[Data section — start]

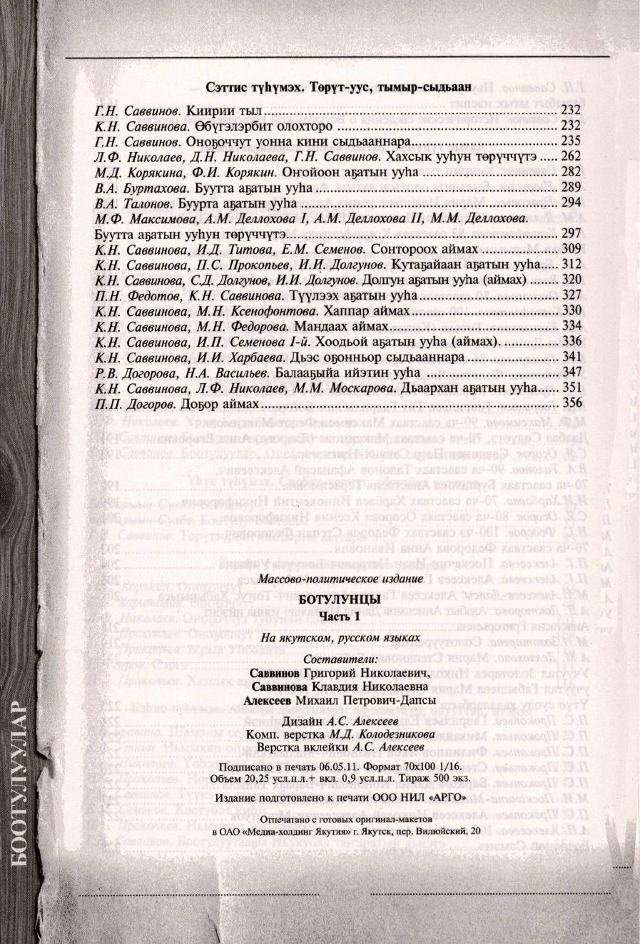 Боотулуулар / [хомуйан оҥордулар: Г. Н. Саввинов, К. Н. Саввинова, М. П. Алексеев-Дапсы ; редколлегия: Г. Н. Саввинов, М. П. Алексеев-Дапсы]. - Дьокуускай : Медиа-холдинг "Якутия", 2011 - Ч. 1. - 359, [1] с., [8] л. ил., портр.
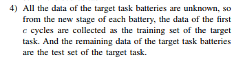 그리고 이 논문에서 그나마 가장 재미있는 부분은 Transfer Learning 을 사용하겠다는것입니다. Domain Adaption을 하는것에는 아주 많은 방식이 있습니다. 배터리쪽만봐도 Transfer Learning을 하거나, MMD를 통해 분포 유사성을 학습한다던가,... 아주 다양한 방법이 있는데, 본 논문은 Target data의 초기 사이클 데이터만으로도 후기 사이클 SOH변화정도를 예측할수있도록 하는것이 목표입니다. 물론 제가 연구하는것과는 다르게, 본 논문의 Target/Source Domain은 같은셀의 다른 C-rate 데이터인것 같습니다만, 일단은 여러데이터에 대해 학습을 한 이후 ViT부분은 Freezing해놓고 추가 Target Data에 대해 FCNN만 학습하여 빠르게 학습하면서도 Domain Adaption을 진행하겠다는것입니다. 아주 나이브하지만, 가장 직관적인 방식입니다.
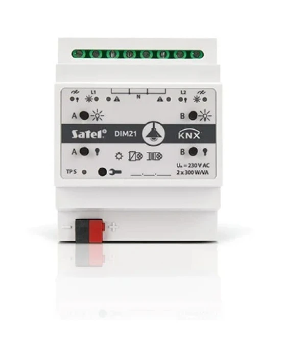 Aktor ściemniający KNX-DIM21 dla systemów automatyki KNX, 2 kanały po 300 W, Satel
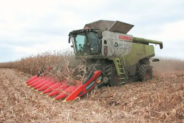 Окремо слід згадати про зернозбиральні комбайни. Для обмолоту кукурудзи найбільш підходять потужні комбайни роторного, комбінованого та барабанного типів. Це зумовлено, в першу чергу, високою врожайністю цієї затребуваної культури. Однак практичний досвід показує, що перевагу при збиранні кукурудзи із застосуванням кукурудзяних жаток варто все ж надавати комбайнам роторного типу, де головний робочий елемент молотарки — ротор. Його конструкція та технологічний режим обмолоту зерна (методом стирання) дбайливо ставляться до зерна і в той же час дозволяють значно збільшити інтенсивність процесів його відокремлення з обмолоченої соломи.

[Data section — finish]

#### What you should do
Copy out the lines above in full and unaltered, apart from the pictures.

#### Exercise response
 Боотулуулар / [хомуйан оҥордулар: Г. Н. Саввинов, К. Н. Саввинова, М. П. Алексеев-Дапсы ; редколлегия: Г. Н. Саввинов, М. П. Алексеев-Дапсы]. - Дьокуускай : Медиа-холдинг "Якутия", 2011 - Ч. 1. - 359, [1] с., [8] л. ил., портр.
 그리고 이 논문에서 그나마 가장 재미있는 부분은 Transfer Learning 을 사용하겠다는것입니다. Domain Adaption을 하는것에는 아주 많은 방식이 있습니다. 배터리쪽만봐도 Transfer Learning을 하거나, MMD를 통해 분포 유사성을 학습한다던가,... 아주 다양한 방법이 있는데, 본 논문은 Target data의 초기 사이클 데이터만으로도 후기 사이클 SOH변화정도를 예측할수있도록 하는것이 목표입니다. 물론 제가 연구하는것과는 다르게, 본 논문의 Target/Source Domain은 같은셀의 다른 C-rate 데이터인것 같습니다만, 일단은 여러데이터에 대해 학습을 한 이후 ViT부분은 Freezing해놓고 추가 Target Data에 대해 FCNN만 학습하여 빠르게 학습하면서도 Domain Adaption을 진행하겠다는것입니다. 아주 나이브하지만, 가장 직관적인 방식입니다.
 Aktor ściemniający KNX-DIM21 dla systemów automatyki KNX, 2 kanały po 300 W, Satel
 Окремо слід згадати про зернозбиральні комбайни. Для обмолоту кукурудзи найбільш підходять потужні комбайни роторного, комбінованого та барабанного типів. Це зумовлено, в першу чергу, високою врожайністю цієї затребуваної культури. Однак практичний досвід показує, що перевагу при збиранні кукурудзи із застосуванням кукурудзяних жаток варто все ж надавати комбайнам роторного типу, де головний робочий елемент молотарки — ротор. Його конструкція та технологічний режим обмолоту зерна (методом стирання) дбайливо ставляться до зерна і в той же час дозволяють значно збільшити інтенсивність процесів його відокремлення з обмолоченої соломи.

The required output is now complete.